Sanitary sewer overflows (SSOs) are a common problem across the United States. An estimated 23,000-75,000 SSOs occurred annually in 2004 discharging between 11 and 38 billion liters of untreated wastewater to receiving waters. SSOs release many contaminants, including engineered nanomaterials (ENMs), to receiving water bodies. Measuring ENM concentrations in environmental samples remains a key challenge in environmental nanotechnology and requires the distinction between natural and engineered particles. This distinction between natural and engineered particles is often hampered by the similarities in the intrinsic properties of natural and engineered particles such as particle size, composition, density, surface chemistry, and by the limitations of the available nanometrology tools. To overcome these challenges, we applied a multi-method approach to measure the concentrations and properties of TiO engineered particles ( ENMs and pigments) including 1) multi-element single particle-inductively coupled plasma-mass spectrometry (ME-SP-ICP-MS) to identify elemental associations and to determine elemental ratios in natural particles, 2) total elemental concentrations and ratios calculated from total metal concentrations measured following total sample digestion to estimate engineered particle concentrations, and 3) transmission electron microscopy (TEM) to characterize engineered particle size and morphology. ME-SP-ICP-MS analysis revealed that natural TiO particles are often associated with at least one of the following elements Al, Fe, Ce, Si, La, Zr, Nb, Pb, Ba, Th, Ta, W and U, and that elemental ratios of Ti to these elements is typical of riverine particulates and the average crustal ratios, except for Pb likely due to anthropogenic Pb contamination. High TiO engineered particle concentrations up to 100 μg L were found in SSOs-impacted surface waters. TEM analysis demonstrated the presence of regular-shape TiO particles in SSOs-impacted surface waters. This study provides a comprehensive approach for measuring TiO engineered particle concentrations in surface waters. The quantitative data produced in this work can be used as input for modeling studies and pave the road toward routine monitoring of ENMs in environmental systems, validation of ENM fate models, and more accurate ENM exposure and risk assessment.

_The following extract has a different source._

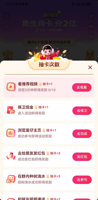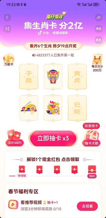 2、在活動界面,我們就可以參與到抽卡活動中,每天都會有抽卡機會,通過抽卡就可以集各種生肖卡;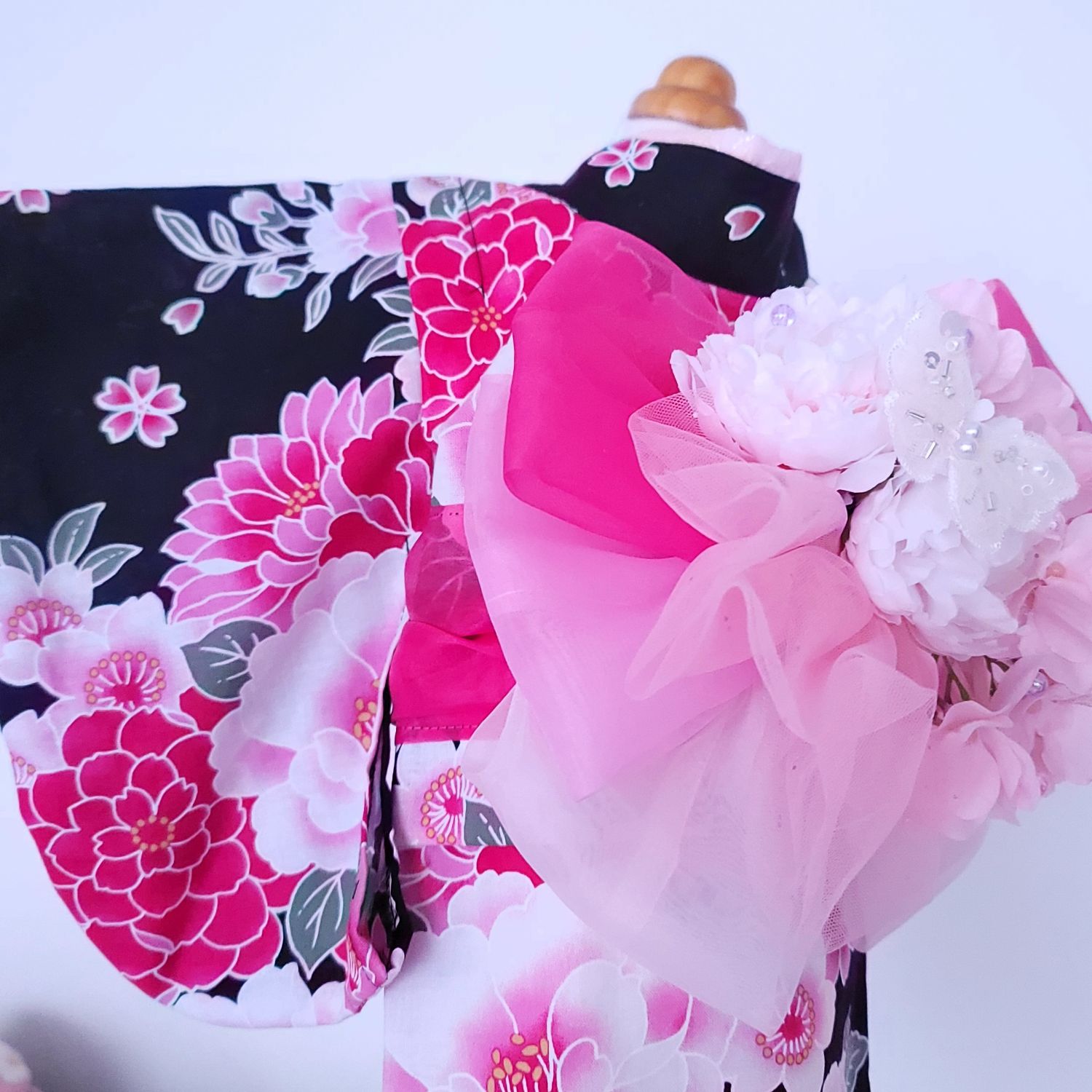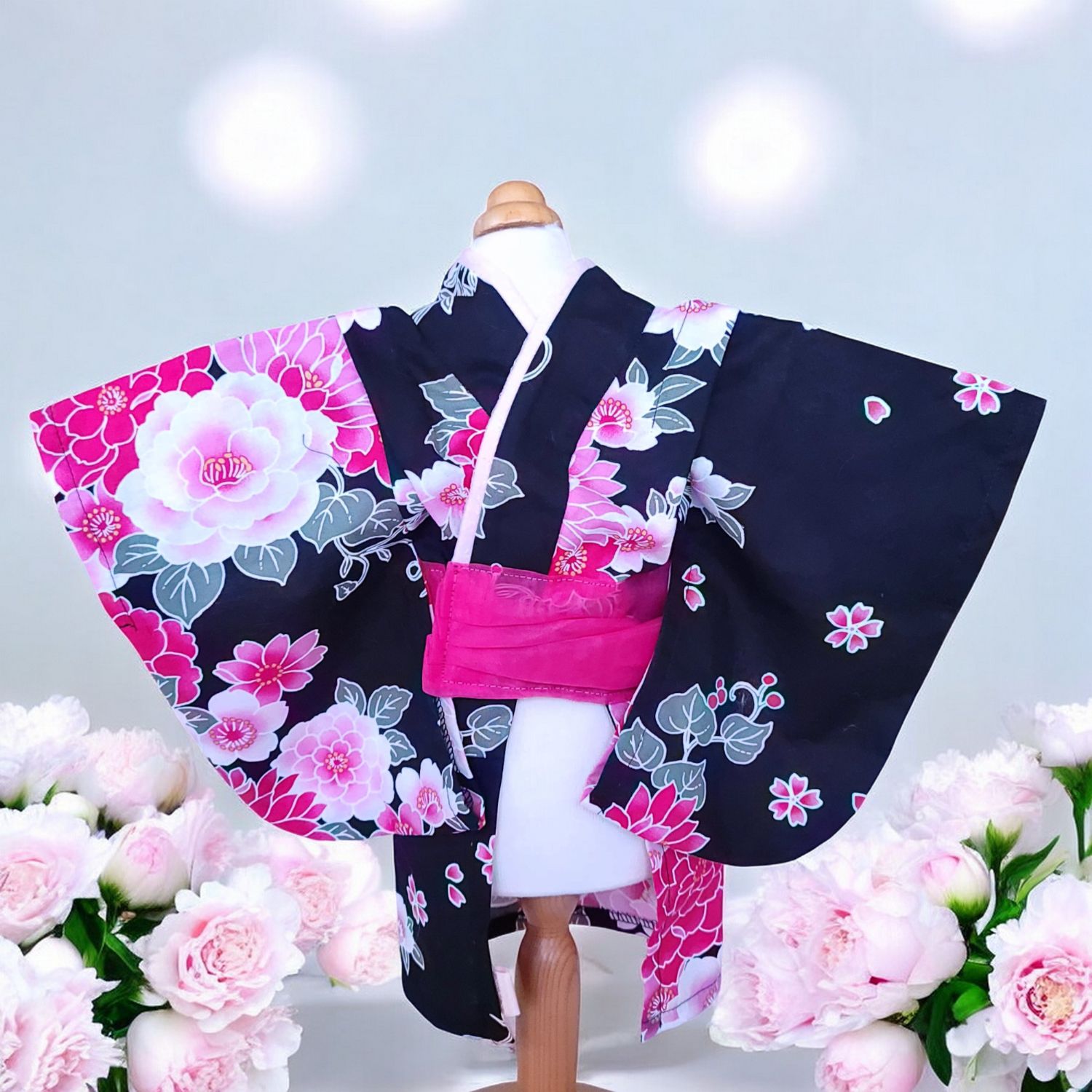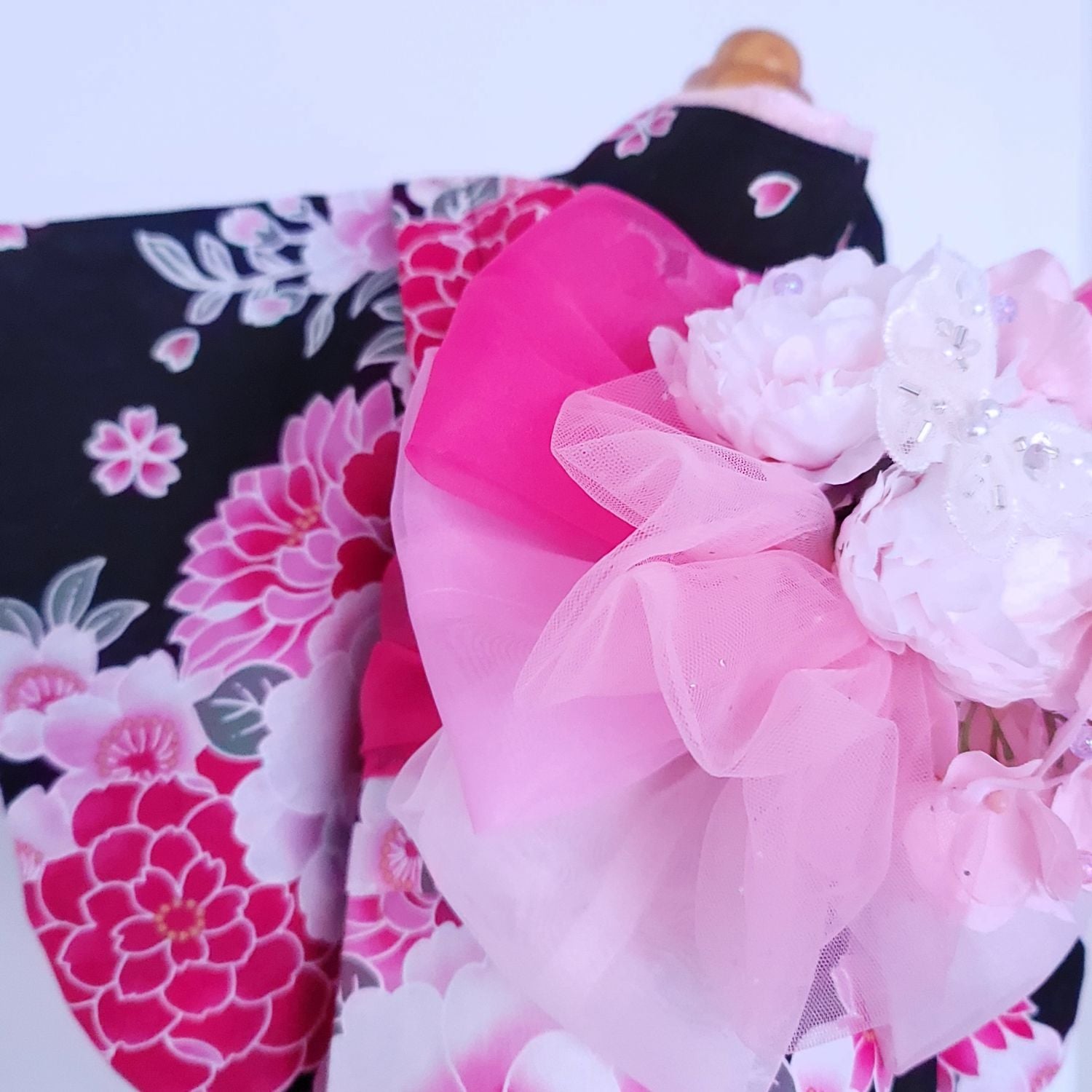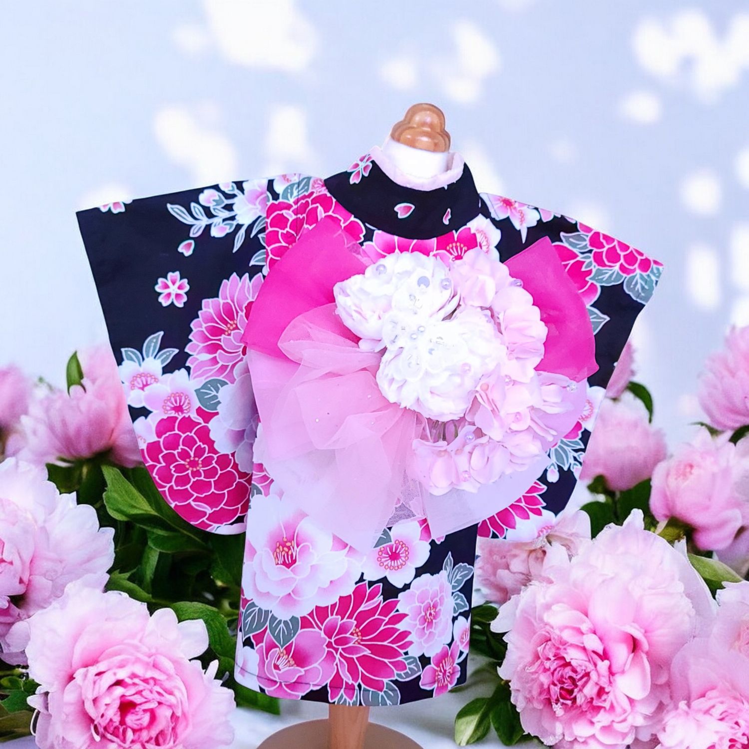 ペットの着物犬服の着物ー花咲く雅(みやび)ブラック ~桜花爛漫~

生活污水溢流(SSOs)是美国普遍存在的问题。2004年,估计每年发生23000 - 75000次生活污水溢流,向受纳水体排放110亿至380亿升未经处理的废水。生活污水溢流会向受纳水体释放许多污染物,包括工程纳米材料(ENMs)。测量环境样品中的工程纳米材料浓度仍然是环境纳米技术中的一项关键挑战,并且需要区分天然颗粒和工程颗粒。天然颗粒和工程颗粒在诸如粒径、组成、密度、表面化学等固有特性方面的相似性,以及现有纳米计量工具的局限性,常常阻碍了这种天然颗粒与工程颗粒之间的区分。为了克服这些挑战,我们应用了一种多方法来测量二氧化钛工程颗粒(工程纳米材料和颜料)的浓度和特性,包括:1)多元素单颗粒电感耦合等离子体质谱法(ME-SP-ICP-MS),以识别元素关联并确定天然颗粒中的元素比率;2)根据总样品消解后测得的总金属浓度计算总元素浓度和比率,以估计工程颗粒浓度;3)透射电子显微镜(TEM),以表征工程颗粒的大小和形态。ME-SP-ICP-MS分析表明,天然二氧化钛颗粒通常与以下至少一种元素相关联:铝、铁、铈、硅、镧、锆、铌、铅、钡、钍、钽、钨和铀,并且钛与这些元素的元素比率是典型的河流颗粒物和平均地壳比率,铅可能是由于人为铅污染除外。在受生活污水溢流影响的地表水中发现了高达100μg/L的高浓度二氧化钛工程颗粒。TEM分析表明,在受生活污水溢流影响的地表水中存在形状规则的二氧化钛颗粒。本研究提供了一种测量地表水中二氧化钛工程颗粒浓度的综合方法。这项工作产生的定量数据可作为模型研究的输入,并为环境系统中工程纳米材料的常规监测、工程纳米材料归宿模型的验证以及更准确的工程纳米材料暴露和风险评估铺平道路。